End of rental assistance program hinders agencies' ability to help those facing homelessness

Dec. 3—The looming end to the federal Emergency Rental Assistance program has left thousands of Mainers in dire need of housing assistance in a tight rental market as winter sets in. And the agencies that have administered the program also are losing ERA-funded jobs, leaving people with even fewer resources to find help.

The absence is apparent at the Comfort Inn & Suites in Scarborough, where The Opportunity Alliance in September had assigned two full-time social workers to address the town's concerns about increased emergency calls to the hotel. Then MaineHousing paused the temporary rental assistance program on Sept. 29 because it was running out of funding sooner than expected.

The alliance, one of several community action agencies in Maine that administered the ERA program, responded by laying off 36 of 53 staff members who were assigned to the program, which included seven housing stability resource managers, said Mary Cook, the agency's ERA program director. It kept seven staffers to wind down the program and transferred 10 to other programs within the agency.

The jobs, like the program, always were meant to be temporary. But the need remains very much present.

Dani Laliberte is one of the two social workers removed from the Comfort Inn. She has been reassigned to an outreach program assisting homeless people who live outdoors, but Laliberte still finds herself back at the Route 1 hotel a few times each week, helping some of the more than 80 former clients get to medical and dental appointments or access other services.
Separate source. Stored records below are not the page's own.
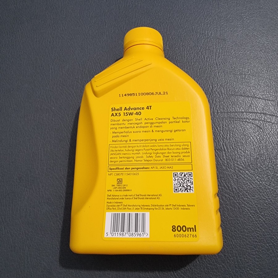 oli motor matic Shell Advance AX5 15W-40 Motor Bebek 4T Premium Mineral 0.8L 800ml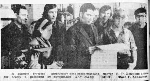 Мастер В.Р. Ушенкин проводит беседу с рабочими по материалам XXV съезда КПСС.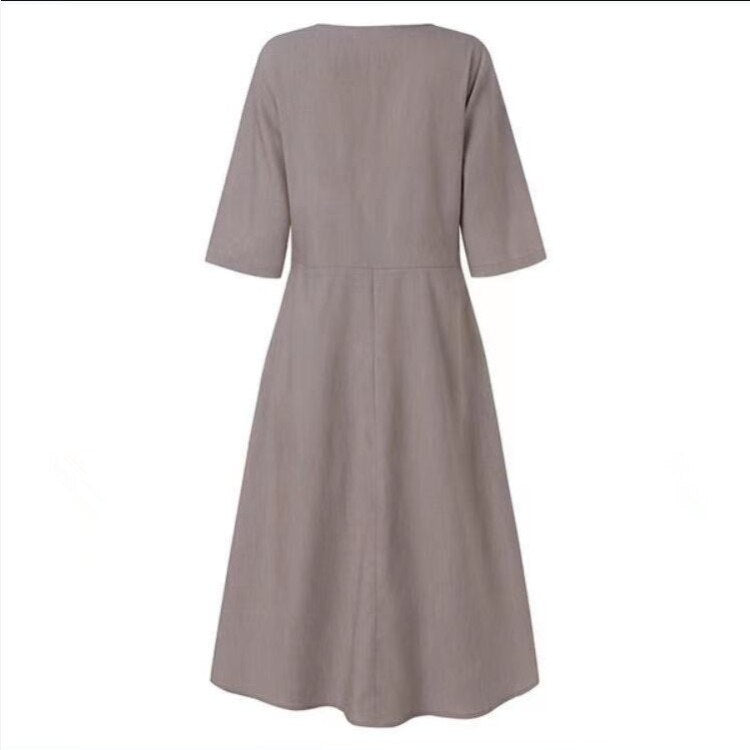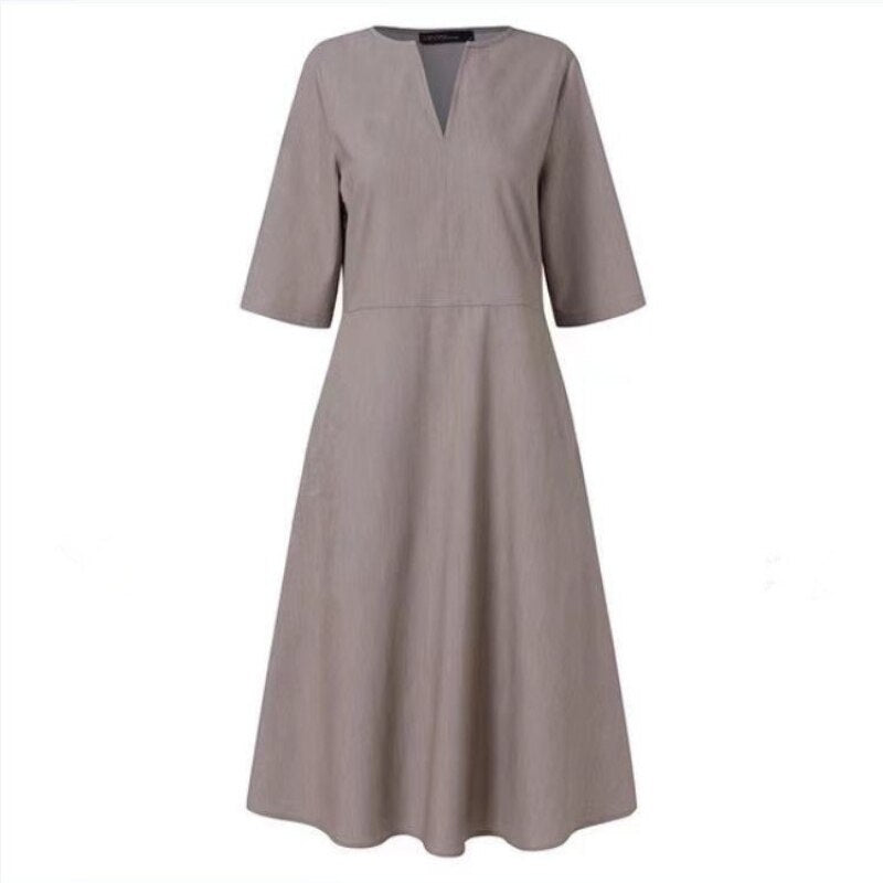 שמלת מידי קלאסית עם צווארון וי מעודן צרפתי, צמד כיסים צדדיים נוחים במיוחד עם שרוולי עטלף נשפכים, גזרת אוברסייז נשפכת על הגוף מבד נעים ומלטף

Many are children or over age 60. Some are disabled or have dementia. None has the $6,000 needed to pay the first and last months' rent and security deposit on a typical apartment in the Portland area.

"I'm still helping many of them," Laliberte said Friday. "I think people are really overwhelmed and confused. Many of them didn't have an end game for when ERA funding ran out. Sometimes you're not thinking about that when you just need a roof over your head."

At the same time, the number of households at the 69-room hotel that are receiving ERA funding through December is dwindling, Cook said, down from about 60 in September to 44 now, including 60 adults and 16 children.

An additional 10 rooms are occupied by former ERA recipients who remain at the hotel while they go through the eviction process or look for alternative housing, she said.

And while some ERA recipients living in hotels have received support from social workers, many former ERA recipients, including those living in apartments and other rentals, now are seeking assistance through cash-strapped municipal General Assistance programs.